One major issue for transgender citizens living in Pakistan is their inability to support themselves financially. One noted advocate for transgender rights in Pakistan, Bindiya Rana, explained, “We have been considered only fit to sing and dance at weddings, and that’s it. We have been facing human rights violations in that we are denied jobs based on our status.”
One of the obligations of the government under the new bill is to provide loans and grants to transgender individuals. The loans are intended to help transgender Pakistanis start their own small businesses. The government must also provide vocational training opportunities.
Rana has also pointed out discrimination from civil servants, like police officers. “Police will not file cases if someone has committed a crime against us.” The Transgender Person (Protection of Rights) Act stipulates that the government must provide “periodic sensitization and awareness” training for public servants, including law enforcement officials.
One issue that has often been raised in the US in the question of which prison a transgender individual should be assigned to. This bill requires the government to establish separate prisons and jails for transgender persons.

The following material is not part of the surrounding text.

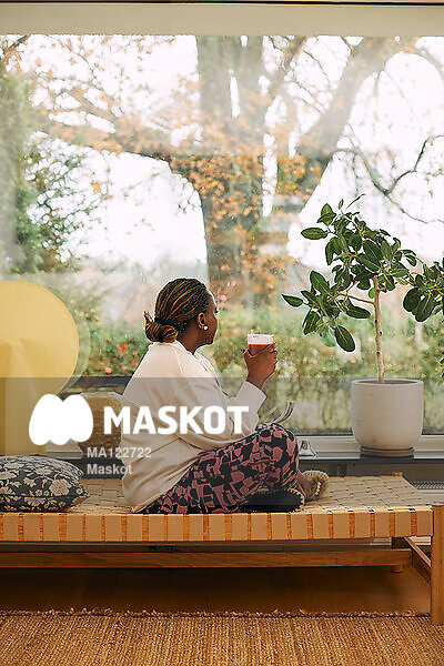 Kvinna håller i proteindrink och kollar ut genom fönster
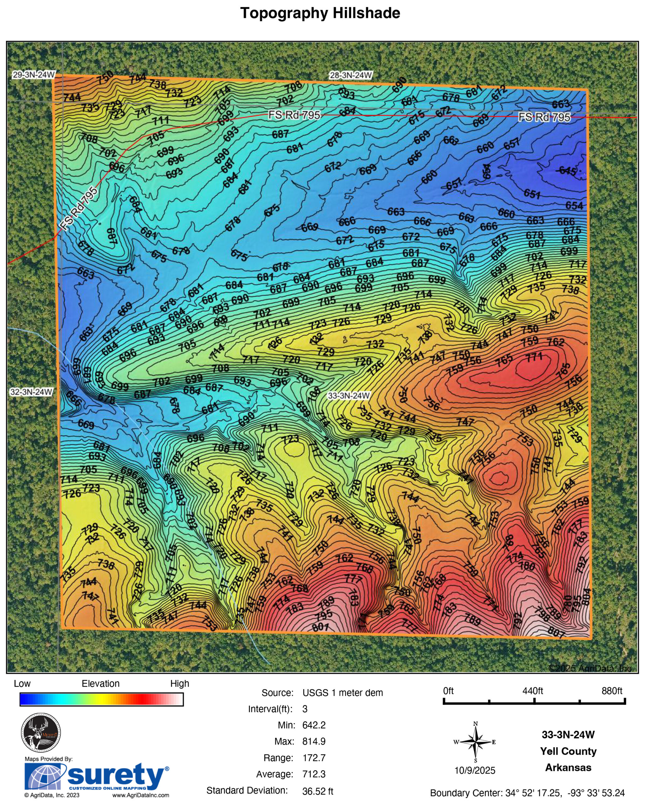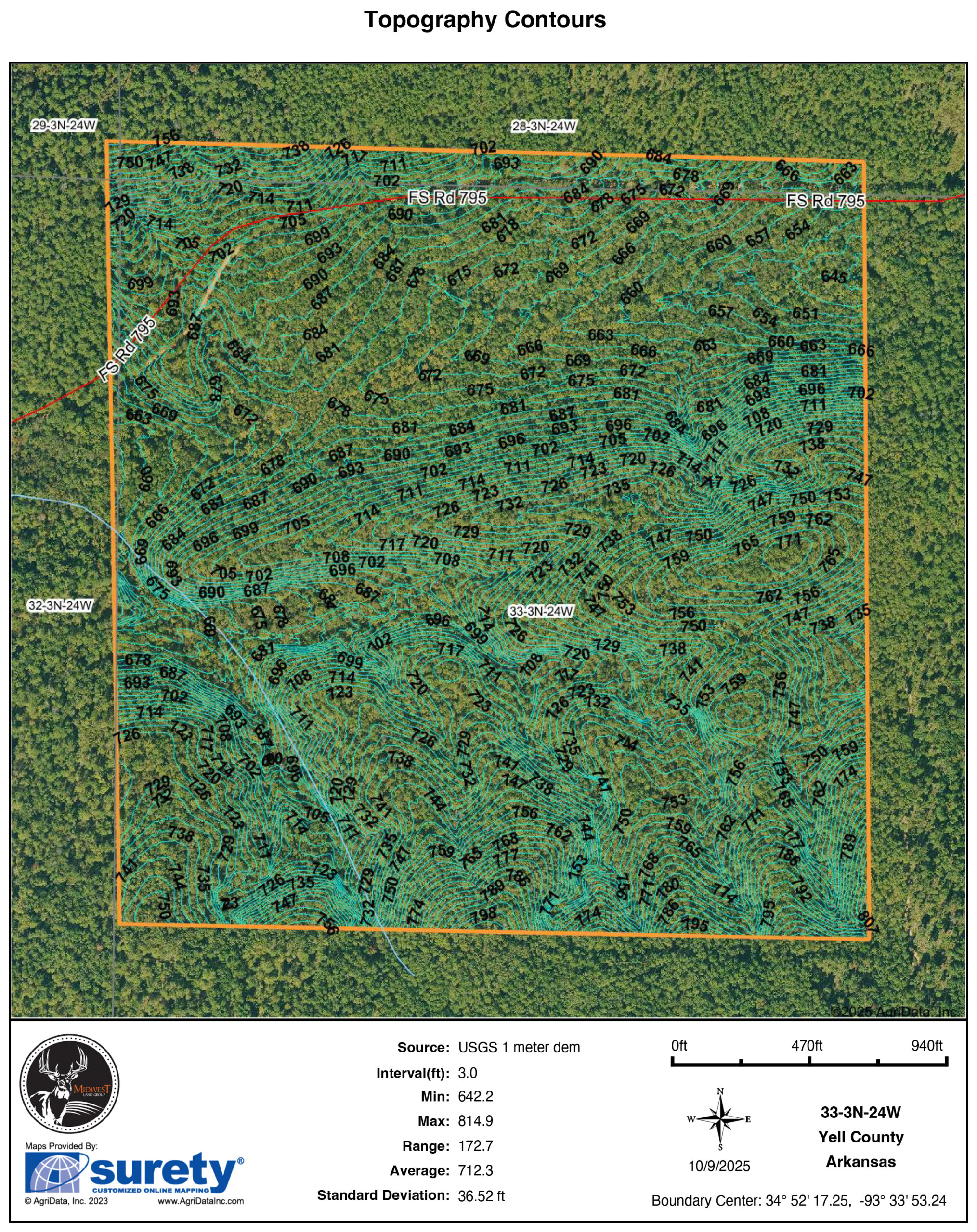 Forest Service Road 795, a year-round gravel road, accesses the property, and an ATV trail across one side of the property provides access for hunting and exploration. Deer and turkey are abundant in the area, and this property is no exception. Varying topography, along with a mixture of dense younger timber and mature acorn-producing oaks, make this property a hunter’s dream. This tract is ready for the management and planning that will make it flourish as one of the most unique hunting properties in the area.

Although the bill is seen as a positive change, transgender activists are not without their concerns. For one, they do not see how the government can be held accountable to enforce the laws and follow through on their promises. Activists are also concerned that while the bill makes harassment and discrimination against transgender citizens illegal, it does not discuss the penalties for such actions.
Another concern is government corruption. Activists worry the laws will not be upheld due to corruption in Pakistan. Pakistani-Danish activist Munir Saadat told NPR, “You have to look at Pakistan as a country. Even though there are rules, even basic rules in Pakistan are not implemented correctly because of corruption.”
While the bill protects transgender rights in Pakistan, it does not protect lesbian, gay, and bisexual Pakistanis.